Question

Following is a staggered conformation for one of the enantiomers of 2-butanol. CC(C)C(C)O (a) Is this (R)-2-butanol or (S)-2-butanol? (b) Viewed along the bond between carbons 2 and 3, draw a Newman projection for this staggered conformation. (c) Draw a Newman projection for two more staggered conformations of this molecule. Which of your conformations is most stable? Assume that \(-\mathrm{OH}\) and \(-\mathrm{CH}_{3}\) are comparable in size.

Short answer

Question: Identify the enantiomer of 2-butanol as either (R)-2-butanol or (S)-2-butanol and describe the most stable staggered conformation using Newman projections. Answer: The enantiomer of 2-butanol is (R)-2-butanol. The most stable staggered conformation using Newman projections has the hydroxyl group (-OH) in the top-right position, the methyl group (-CH3) in the bottom-right position, and minimal steric hindrance between these groups.

Step-by-step solution

Determine if the enantiomer is (R)-2-butanol or (S)-2-butanol

Start by assigning Cahn-Ingold-Prelog (CIP) priority to the four substituents attached to the chiral center. The chiral center is carbon 2, the one connected to both hydroxyl (OH) group and a methyl group (CH3). The atom connected to carbon 2 have the following atomic numbers: - Hydrogen (H): 1 - Hydroxyl oxygen (O): 8 - Methyl group carbon (C): 6 - Methylene group carbon (C): 6 Since oxygen has the highest atomic number, the hydroxyl group will be assigned the highest priority (1). The second and third priorities go to the methyl and methylene groups because carbon has a higher atomic number than hydrogen. To break the tie, compare atoms bonded to these carbons due to the first point of difference rule: the methyl carbon is bonded to three hydrogens; the methylene carbon is bonded to one hydrogen and one carbon. Since carbon has a higher atomic number than hydrogen, methylene gets priority over the methyl group. The priority order now is: - OH (Oxygen): 1 - Methylene (CH2): 2 - Methyl (CH3): 3 - H: 4 Now, trace a circular path from OH (1) to CH2 (2) to CH3 (3). Since the rotation is clockwise, the configuration is (R). So, the enantiomer is (R)-2-butanol.

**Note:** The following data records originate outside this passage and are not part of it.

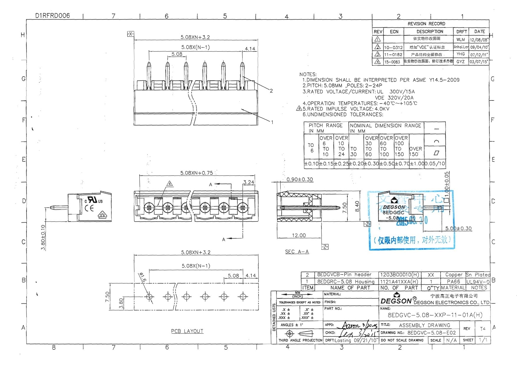 Клемма на печатную плату, 4 полюса, шаг 5.08 мм, серая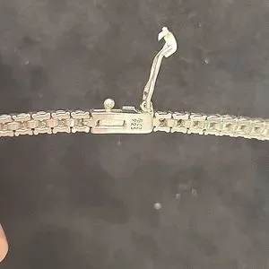 This elegant silver necklace adds a touch of sophistication to any outfit. Perfect for any occasion.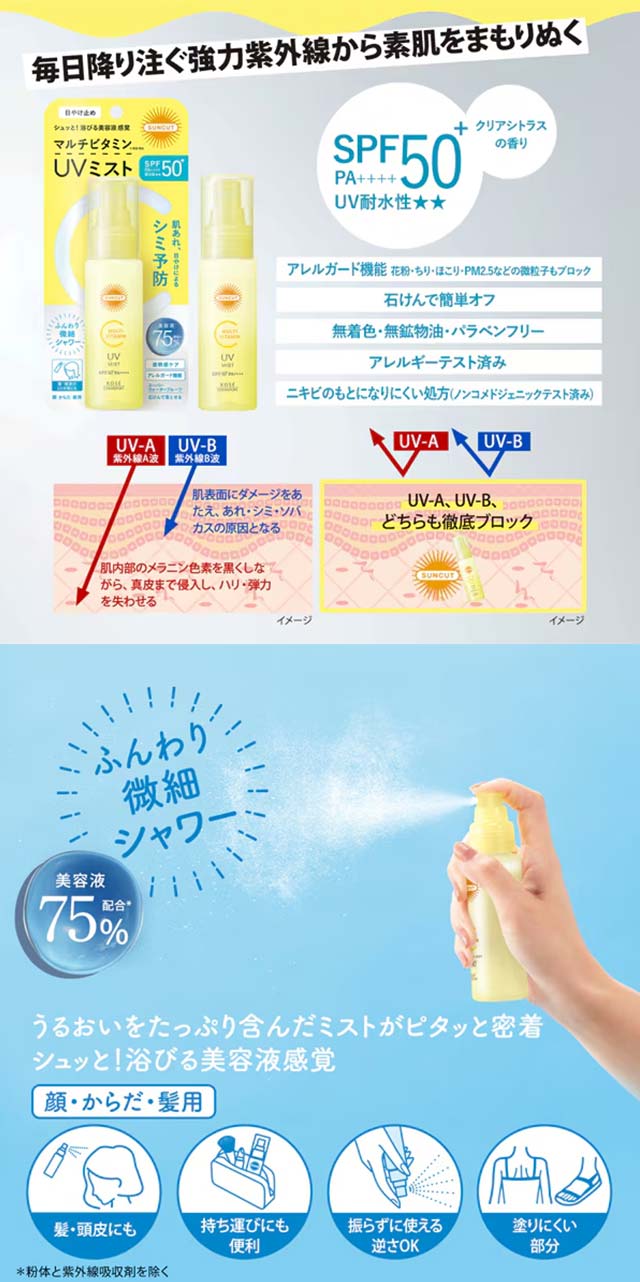 얼굴, 몸, 머리카락까지 간편하게 사용할 수 있는 멀티비타민 UV 미스트입니다. 가볍게 분사되는 미스트 타입으로 언제 어디서나 손쉽게 자외선 차단과 덧바르기가 가능합니다.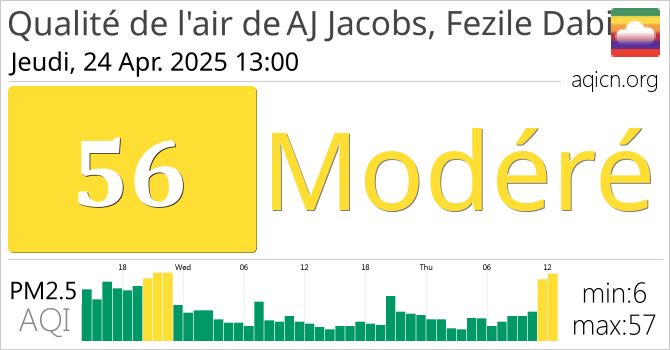 La qualité de l'air à AJ Jacobs, Fezile Dabi, Afrique du Sud est Modéré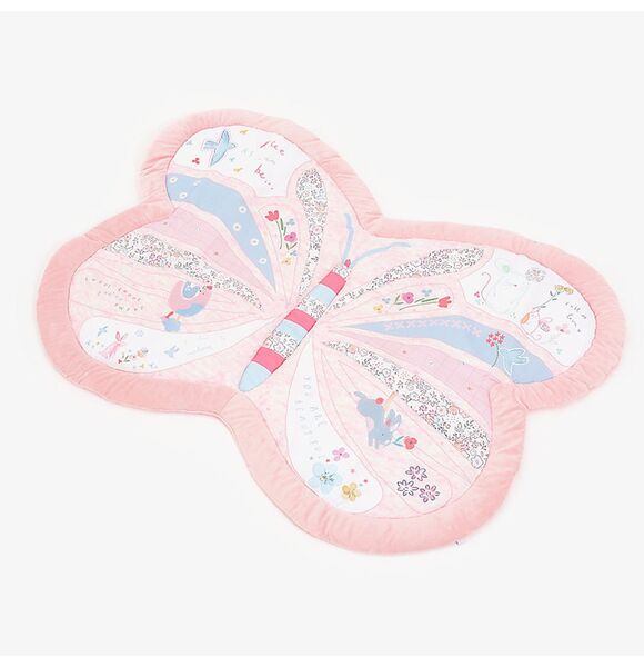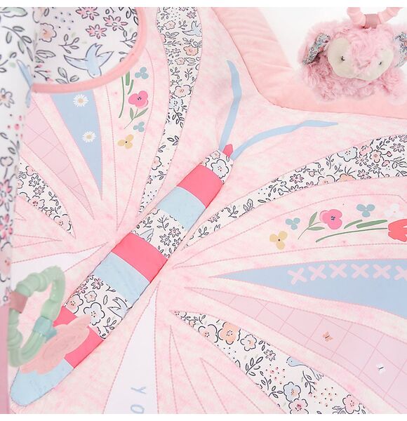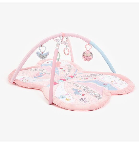 Suitable from birth, with a soft padded base for optimum comfort, the butterfly play mat is the perfect for your baby to play, explore and learn.Your baby can lie down for tummy-time play on the luxury mat and explore the prints and sweet flutterby characters. The play arches with four hanging toys and a baby-safe mirror attach easily to the playmat for added fun. Our luxury play, activity gym encourages babies to interact with their surroundings, developing their all-important hand-eye coordination while they have fun!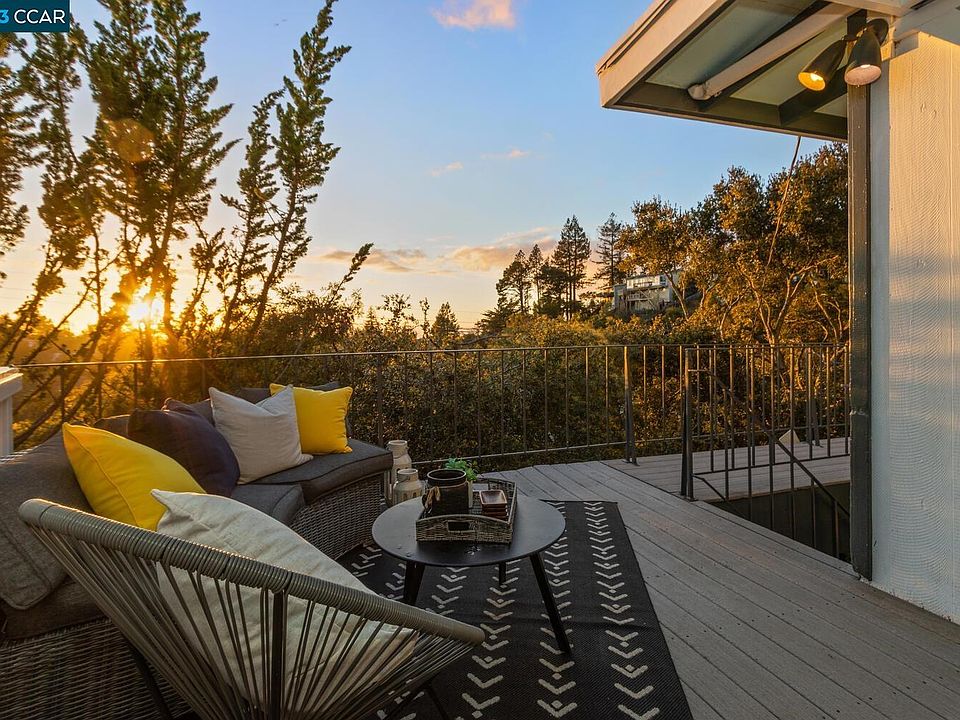 This Montclair Gem offers gorgeous views of Bay, City lights & Mt. Tam! Take the Montclair “steps” down to Montclair Park, the Elementary School (Great School Score = 8/10 in 2022) & to charming Montclair Village w/ its many restaurants, shopping, coffee shops and an incredible weekly Farmer’s Market. A touch of midcentury modern style, this home features spacious rooms & an open floorplan. Spacious Eat-in Kitchen with stunning views and a cozy Family room (or Office?) adjacent to the Kitchen and expansive Living Room. Enjoy gorgeous sunsets from the Living Room or multiple outdoor spaces including a covered deck area accessed from both the Front Deck & the Kitchen, and a private tiered Backyard to really soak in the views. Bedrooms are located on the upstairs level. A huge Primary Bedroom w/ ensuite and wall of windows offer the best views in the house. Updated bathrooms, flooring, paint, carpet, & lighting. Two additional spacious bedrooms, one with its own private entrance accessing the back deck. A separate Bonus Room (office, yoga or meditation studio, even a private & separate space for teens) on the first level next to the oversized carport. With its close access to world-class hiking trails and bike routes, BART, the freeway and shopping this property is a must see!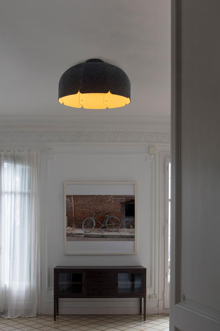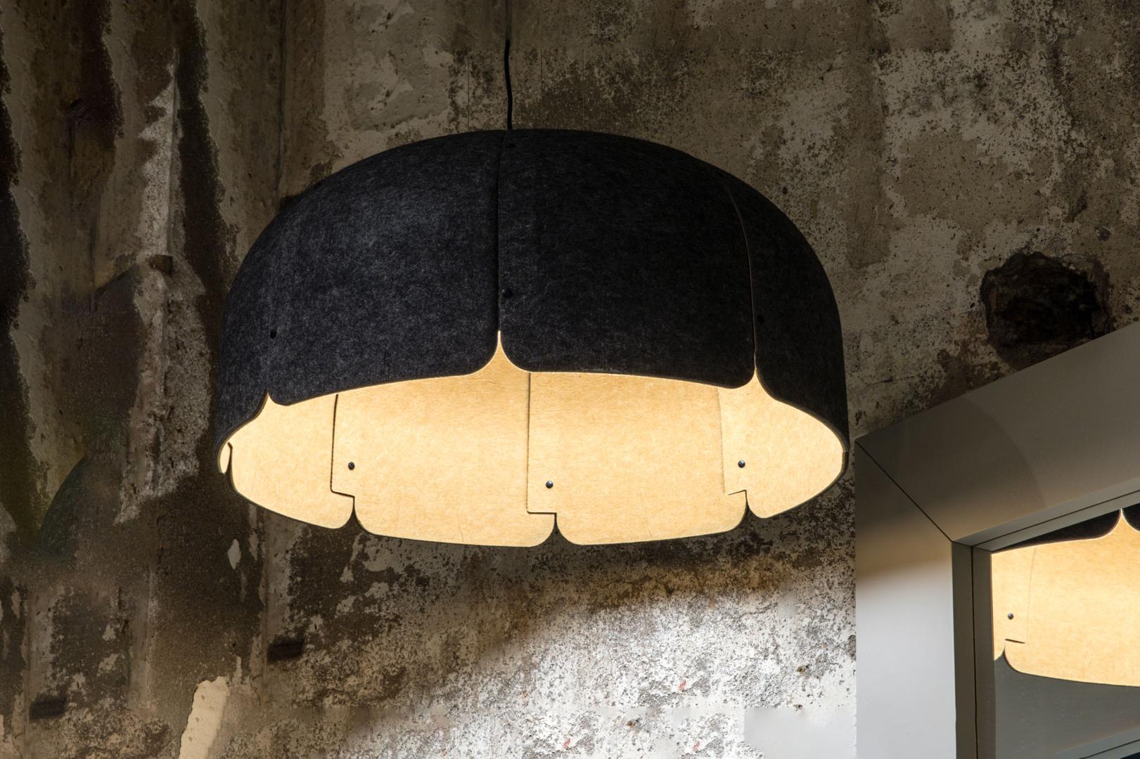 MUTE - дизайнерская подвесная лампа, созданная Nahtrang. Дисплей в коричнево-темно-серой версии уменьшает звуковую память, что делает его идеальным для освещения ресторанов или шумных помещений . Он состоит из 8 листов листов, и каждый лист состоит из 2 слоев акустического материала. Он изготовлен из переработанных бутылок на 65-70% и не содержащих ПЭТ волокон на 30-35%. Это версия с регулируемой яркостью, интенсивность света можно регулировать .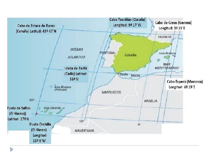 FACTORES GEOGRÁFICOS DEL CLIMA �Los factores geográficos son aquellos que se derivan de la situación geográfica y del medio físico. �Influyen en los climas de España los siguientes factores geográficos: �La latitud �La situación de España �El relieve o altitud �La influencia mar
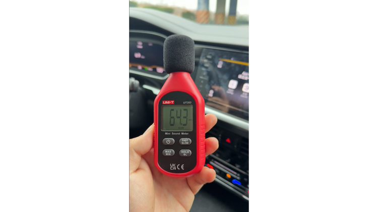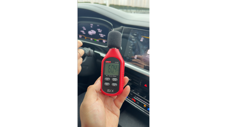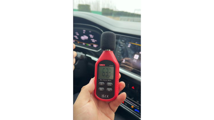 还是上仪器用数据说话,现在速度我们先降下来,现在时速是80,仪表显示大约60分贝。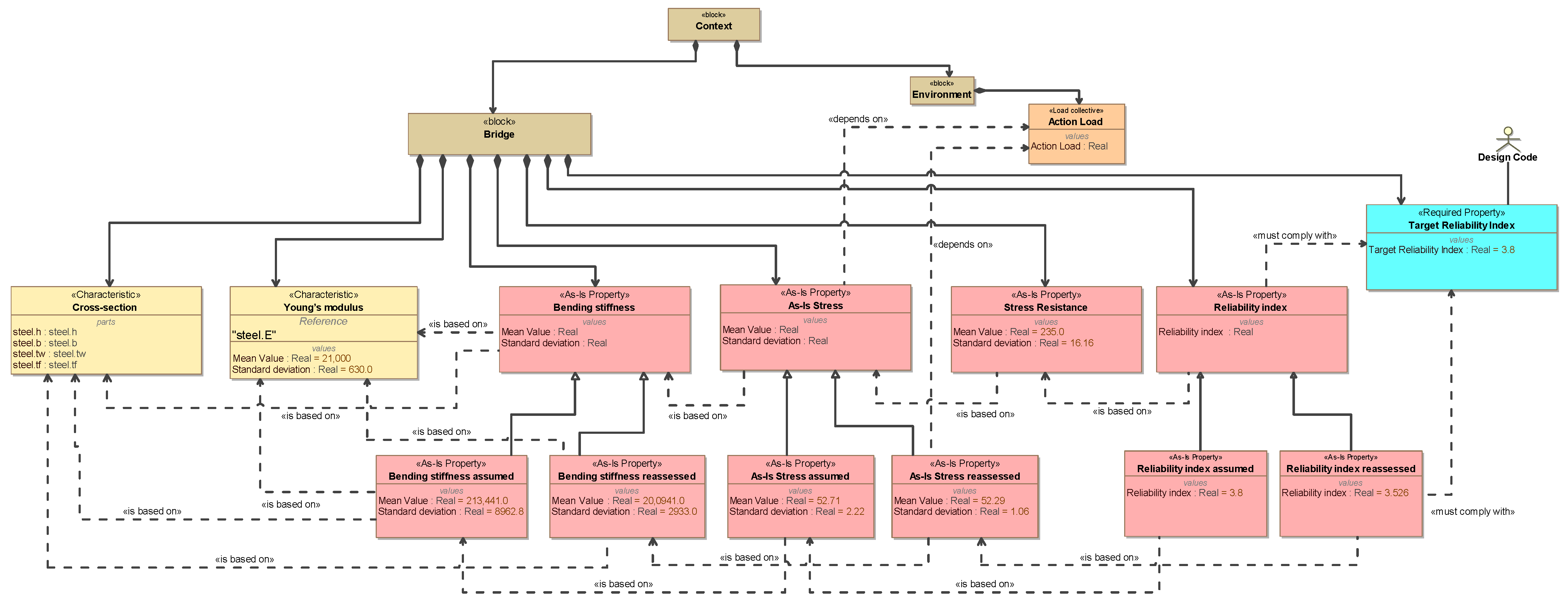 Figure 9. Excerpt from the SysML system model for reassessing the as-is properties of the bridge.
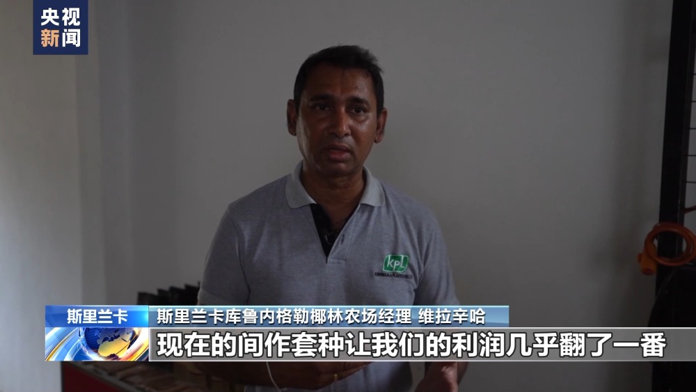 總臺(tái)記者 張玥:這里是斯里蘭卡中部一個(gè)大型的椰樹種植農(nóng)場。不過,大家可以在我身后看到,這片較矮的植物是肉桂種植園區(qū)。我手里還有一株剛剛在前面的黑胡椒種植園區(qū)摘下來的新鮮黑胡椒。一些中國專家?guī)砹酥袊诤限r(nóng)作物種植的經(jīng)驗(yàn)和新的方法,讓斯里蘭卡一些這樣原本只有椰樹種植的園林,豐富成為融合農(nóng)產(chǎn)品的生產(chǎn)基地。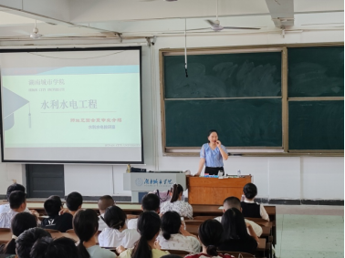 为了让同学们更深入地了解水利,爱上水利,特别邀请了一位水利行业专家,益阳市水利水电勘测设计研究院有限公司常务副总经理——庄稼,为大家分享了他的水利情怀。庄稼专家以“水利万物,因水而生”为主题,结合27年来在水利行业丰富的从业经历,通过PPT讲解和视频介绍,引经据典,给同学们讲述了水利与水利工程概况及我国水利的发展现状,让同学们对选择学习的这个专业以及可能从事的工作有了初步的了解。

Draw a Newman projection for the staggered conformation viewed along the bond between carbons 2 and 3

To draw a Newman projection, first, choose the view along the C2-C3 bond. Then, represent the front carbon (C2) as a dot and the substituents around the dot as follows: - The hydroxyl group (-OH) on the top-right. - The methyl group (-CH3) on the bottom-right. - Hydrogen on the left. The rear carbon (C3) is represented by a circle, with its substituents as follows: - Hydrogen on the top-left. - Methyl group (-CH3) on the bottom-left. - The hydrogen on the right. These substituents are arranged in a way that represents a staggered conformation. The Newman projection of the given conformer is now complete.

Draw two additional staggered conformations and determine the most stable conformation

To generate the other two staggered conformations of (R)-2-butanol, we will rotate the front carbon anti-clockwise by 120 degrees each time. 1. Rotate 120 degrees: The front carbon will have the hydroxyl group at the top and the methyl group at the bottom-left. 2. Rotate another 120 degrees: The front carbon will have the hydroxyl group at the bottom-right and the methyl group at the bottom-left. From these conformations, the most stable one will have the least steric hindrance between the substituents. The original staggered conformation, with the hydroxyl group in the top-right position and the methyl group in the bottom-right position, has the least steric interaction between the -OH and -CH3 groups. Steric repulsion between these groups is minimized compared to the other conformations since -OH and -CH3 are farthest apart, causing minimal impedance. Therefore, the most stable conformation is the one given in the original problem.